Defendants' difficulties in reconciling these conflicting records are the result of an attempt to match dollars from one fund and shares from another, where the two had no relation to each other. What was left over in the 1929 bonus fund was dollars, $695,972.79. The excess stock in the Second Managers Securities Account, over the 1,375,000 shares required for the Management Corporation March 1930 contract, were shares, with a book value of $32.685 + per share. If the total amount of undistributed dollars in the 1929 bonus fund had been used to buy the correct number of shares in the Second Managers Securities Account (at $32.685 + per share) for the 1930 bonus distribution, the number of shares acquired from said Account would have been slightly more than twice the 10,508 shares actually acquired and there would have been no book profit in the transaction.

As I review these records, having in mind that very few (if any) of the General Motors common shares in the various accounts were earmarked, the 10,508 share transaction appears to have been dollars or shares, as seemed most desirable at the time, and the price thereof was fixed at different amounts, regardless of prior entries. Because of the arbitrary action by which 10,508 shares of stock costing $343,458.30 ($32.68 a share) was declared to have a cost price of $696,013 ($66.23 a share) there was a difference of $352,514.49 "to be accounted for and this profit (or excess of award value over cost) was credited to Account 12B, Profit or Loss." (Letter of defendants' attorney to the Court, dated November 13, 1941. Stipulation of December 23, 1941.) Thus the alleged profit was only a bookkeeping entry. It was not a genuine profit. A proper entry would have recorded the fact that only $343,458.30 of the 1929 fund had been used in the transfer of the 10,508 shares from the Managers Account to the Management Account. The balance of the 1929 fund, $353,514.49 could have remained as it was or, if the entire fund was to be closed out, the balance could have been transferred to surplus. The alleged profit had no place in "net earnings" on which the bonus was to be calculated.

This alleged profit is open to the further objection that it is based on a cost price of $32.685 + per share for stock in the Second Managers Securities Account. That account is unreliable, as has been shown in the discussion of the alleged $10,057,599 profit on the sale of the 1,375,000 shares to General Motors Management Corporation in March 1930.

The bonus fund was increased by $34,345 through the inclusion in earnings of this alleged profit on the 10,508 shares. Mr. Sloan, Mr. Brown and Mr. Bradley are jointly and severally liable to General Motors Corporation for the $34,345 plus interest thereon from March 23, 1931. For the reasons stated in the discussion of the alleged profit of $10,057,599 the cause of action on this claim arose in New York and the six-year New York Statute of Limitations applies. The claim is not barred by the statute.

Prices at which shares of General Motors Corporation common stock were awarded under the 1918 Bonus Plan.

For the years 1919 to 1929 the award value was approximately the cost price of the stock to General Motors Corporation.
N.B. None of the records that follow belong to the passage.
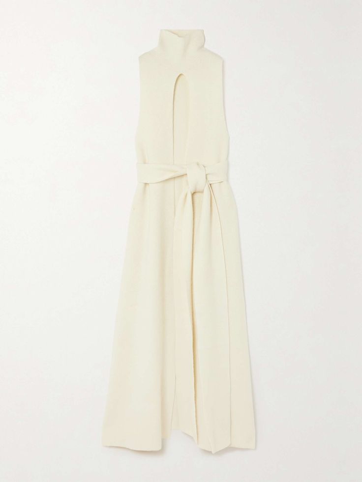 Design: Cream color, sleeveless coat with high neckline and keyhole cutout, tie - waist, matching trousers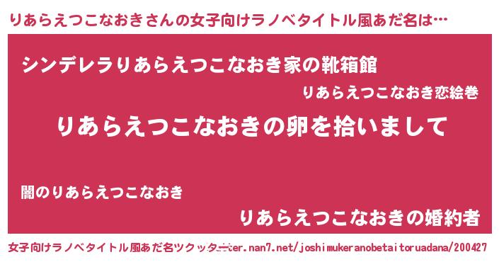 | 男性向けラノベタイトル風あだ名 | 『ダンジョンにりあらえつこなおきを求めるのは間違っているだろうか』 |
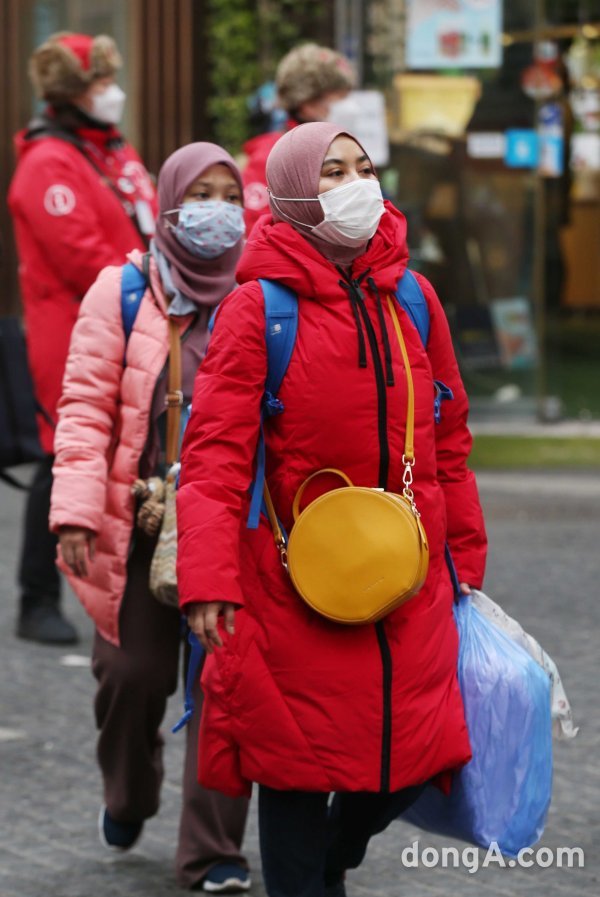 신종 코로나바이러스 감염증(코로나19) 확산되고 있는 21일 오후 서울 중구 명동 거리에서 외국인 관광객들이 마스크를 착용하고 있다.동아닷컴 국경원 기자 onecut@donga.com
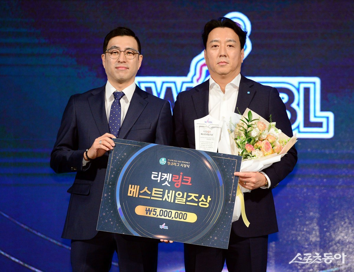 24일 서울 드래곤시티호텔에서 ‘하나은행 2024-2025 여자프로농구 정규리그 시상식’이 열렸다. 티켓링크 베스트세일즈상을 수상한 우리은행 정장훈 사무국장(오른쪽)이 티켓링크 유현종 스포츠사업실장과기념촬영을 하고 있다. 김민성 기자 marineboy@donga.com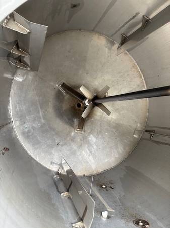 00 gallon SS (300 series alloy) mixing and/or storage tank. Conical bottom. Manway on top.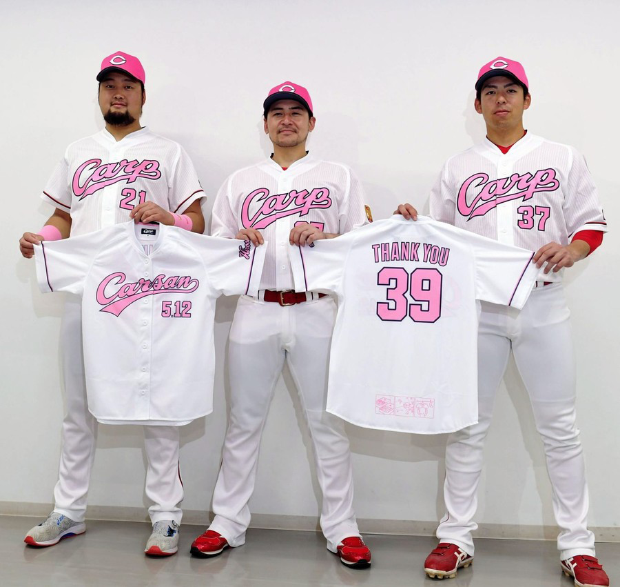 特別ユニホームは、母の優しさをイメージしてCarpのロゴや背番号、帽子がピンクになっていおり、左袖には乳がんの早期発見と早期治療を推進するピンクリボンワッペンが付けられている。

In 1918 the total award value was about $248,000 in excess of cost. A comparison of (1) the average daily closing market value during the year for which the bonus was awarded, (2) the closing *989 market prices on the date of the award by the Finance Committee and (3) the award value (the price at which the stock was awarded), shows that in some of the years the award value was greater and in others it was less. The respective totals, on the three basic values above indicated, for the years 1918 to and inclusive of 1929 are as follows: award value, total $64,119,481; value based on average daily closing market value during the years, total $66,013,279; value based on closing market price on date awarded by Finance Committee, total $70,227,910. The greatest differences were for the calendar years 1925 to 1929. The above totals relate to the stock awards of the bonus under the 1918 plan. The 5% bonus paid to Managers Securities Company for the years 1923 to 1929 was in cash and was not affected by the market value of the General Motors common stock.

For the period 1925 to 1929 inclusive, ten of the individual defendants received bonus awards in stock under the 1918 plan. During this period the Managers Securities plan of November 1923 was in effect. Of the ten, only four received awards which, over that period, respectively were at an award value that was in excess of the market value at the date of the award. The allotments the ten received in that period were only a very small percentage of the total. Nearly all of the awarded stock went to plant managers and subordinates who were not directors or officers of General Motors Corporation.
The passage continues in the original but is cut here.